Apremilast reduces oral ulcer burden in Behçet’s syndrome
medwireNews: The small molecule phosphodiesterase 4 inhibitor apremilast reduces the number of oral ulcers and improves quality of life to a greater degree than placebo in people with Behçet’s syndrome, results of the phase III RELIEF study show.
The study included 207 patients with Behçet’s syndrome and at least two active oral ulcers but no major organ involvement who were randomly assigned to receive either oral apremilast 30 mg (n=104) or placebo (n=103) twice daily for 12 weeks, followed by a 52-week extension phase in which all patients were eligible to receive the study drug.
As reported at the 2019 ACR/ARP Annual Meeting in Atlanta, Georgia, USA, and published in The New England Journal of Medicine, the area under the curve for the total number of oral ulcers during the 12-week placebo-controlled period was significantly lower with apremilast than with placebo, at 129.5 versus 222.1. This indicates that patients in the apremilast group had significantly fewer ulcers during this period, Gülen Hatemi (Istanbul University–Cerrahpaşa, Turkey) and co-authors remark.
In addition, significantly more patients receiving apremilast relative to placebo were free from oral ulcers at week 12 (52.9 vs 22.3%), and the mean number of ulcers was significantly lower in the treatment group from week 1 onwards. By week 12 the mean number of ulcers was 1.1 among the patients who received apremilast compared with 2.0 among those who received placebo, from baseline levels of 4.2 and 3.9, respectively.
Furthermore, people in the apremilast group experienced a greater fall in the Behçet’s Disease Quality of Life score, indicating improved quality of life, than those in the placebo group, at a mean of 4.3 versus 1.2 points, as well as clinically meaningful improvements in disease activity and pain.
Hatemi also presented unpublished data at the meeting which showed that the reduction in the number of ulcers was sustained up to week 64 among patients in the apremilast group who continued treatment, and emerged among those who switched from placebo to apremilast at week 12. The mean numbers of ulcers in these two groups at week 64 were 1.4 and 0.8, respectively.
However, during the 4 weeks after patients stopped taking the drug, the number of ulcers began to increase again, as did pain.

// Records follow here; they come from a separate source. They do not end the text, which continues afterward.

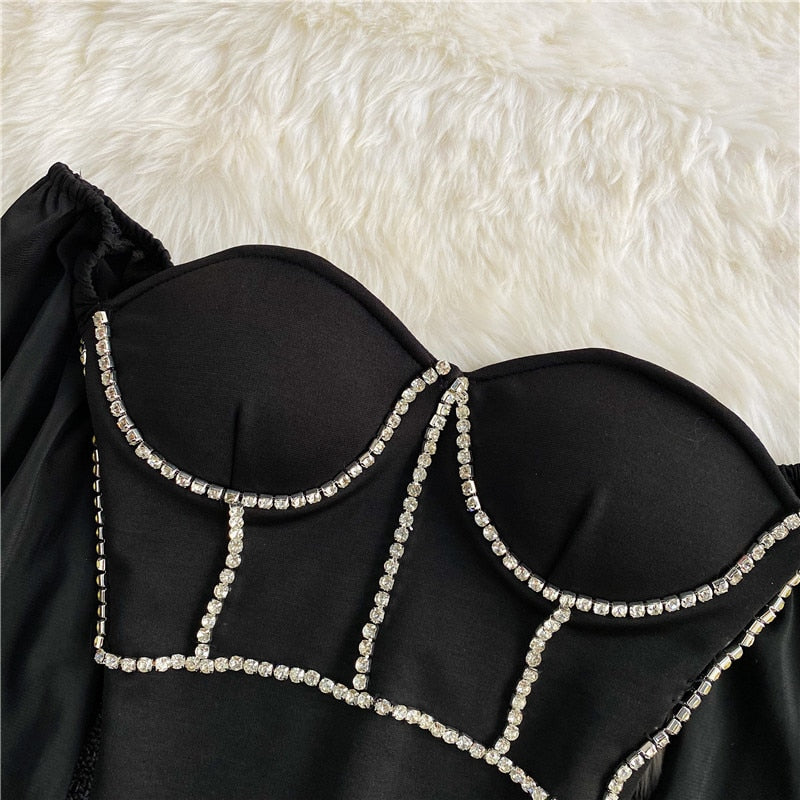 Strapless Crop Top with Long Lantern Sleeve and Beads Decoration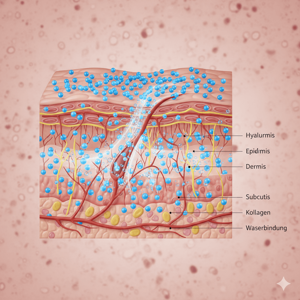 Wenn das Hyaluron in die Schichten eindringt, bindet es Feuchtigkeit und unterstützt die Geschmeidigkeit des Gewebes.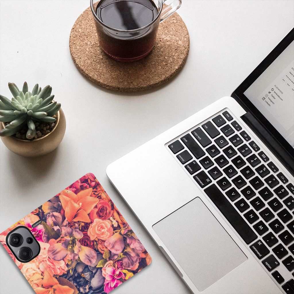 Dit Bosje Bloemen doet een mens en zijn smartphone goed. De oranje, paarse en roze bloemen op deze Xiaomi Redmi Note 13 Pro Plus Smart Cover geven jouw smartphone een zeer sierlijke uitstraling. Je wordt er ook meteen vrolijker van als je aan het appen, mailen of aan het bellen bent. Valt dan je telefoon op de grond, dan zal er dankzij de stand case met oranje, paarse en roze bloemen geen schade ontstaan. Onze stand cases met oranje, paarse en roze bloemen bieden de allerbeste bescherming en zijn heel praktisch, wat blijkt uit onder meer het vakje aan de binnenkant en de handige standaard waarmee je de smartphone rechtop op tafel neer kunt zetten. De oranje, paarse en roze bloemen passen goed op alle zijden van de case. Op deze stand case van leer en TPU (houder aan de binnenkant) is het ook mogelijk je eigen ontwerp te zetten. In no time maak je zelf een stand case met daarop foto’s van jouw favoriete bloemen.

The majority of patients in both the apremilast (79%) and placebo (72%) groups experienced at least one adverse event in the placebo-controlled period, but the rates of diarrhea, nausea, headache, upper respiratory tract infection, and viral upper respiratory tract infection were all more common with apremilast than with placebo. However, Hatemi et al note that the gastrointestinal adverse events generally resolved within 15 days of beginning treatment.
The researchers conclude: “This trial showed the efficacy of apremilast as compared with placebo for the treatment of oral ulcers in patients with Behçet’s syndrome.”
They add that trials using an active comparator are now required.